**Study material:**
────────────────

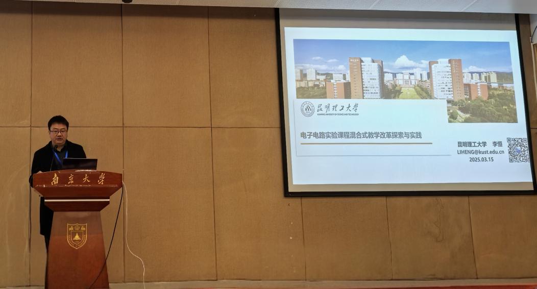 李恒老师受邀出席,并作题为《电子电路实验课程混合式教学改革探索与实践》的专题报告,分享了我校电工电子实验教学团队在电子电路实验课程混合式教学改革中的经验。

────────────────

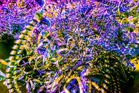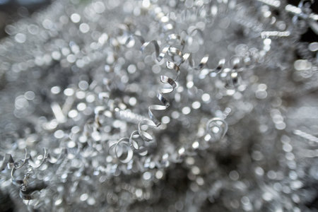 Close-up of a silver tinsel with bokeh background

────────────────

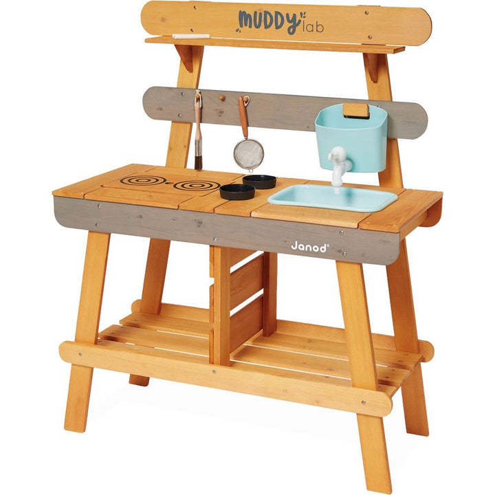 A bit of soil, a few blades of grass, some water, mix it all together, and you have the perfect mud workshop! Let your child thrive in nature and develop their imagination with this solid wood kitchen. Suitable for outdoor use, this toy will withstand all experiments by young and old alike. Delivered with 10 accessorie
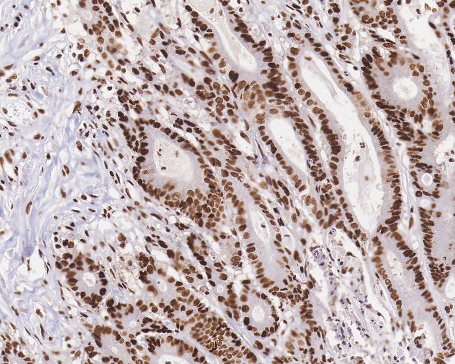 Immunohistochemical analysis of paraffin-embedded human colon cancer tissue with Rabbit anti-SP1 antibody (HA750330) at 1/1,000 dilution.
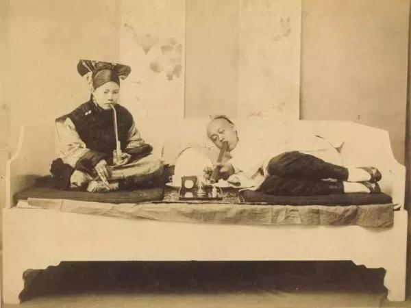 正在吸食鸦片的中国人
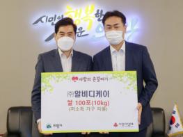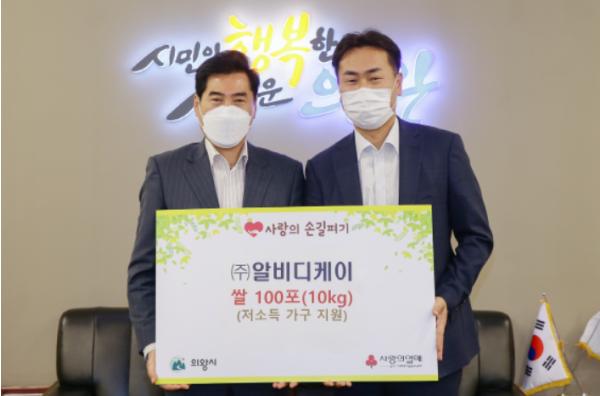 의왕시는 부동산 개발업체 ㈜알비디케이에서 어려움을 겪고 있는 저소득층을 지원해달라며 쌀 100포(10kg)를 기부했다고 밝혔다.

────────────────

**Work task:** To complete this exercise, transcribe exactly the lines above from the one that holds "A bit of soil, a" through the one that holds "의왕시는 부동산 개발업체". Pictures stay out.

**Your solution:**
 A bit of soil, a few blades of grass, some water, mix it all together, and you have the perfect mud workshop! Let your child thrive in nature and develop their imagination with this solid wood kitchen. Suitable for outdoor use, this toy will withstand all experiments by young and old alike. Delivered with 10 accessorie
 Immunohistochemical analysis of paraffin-embedded human colon cancer tissue with Rabbit anti-SP1 antibody (HA750330) at 1/1,000 dilution.
 正在吸食鸦片的中国人
 의왕시는 부동산 개발업체 ㈜알비디케이에서 어려움을 겪고 있는 저소득층을 지원해달라며 쌀 100포(10kg)를 기부했다고 밝혔다.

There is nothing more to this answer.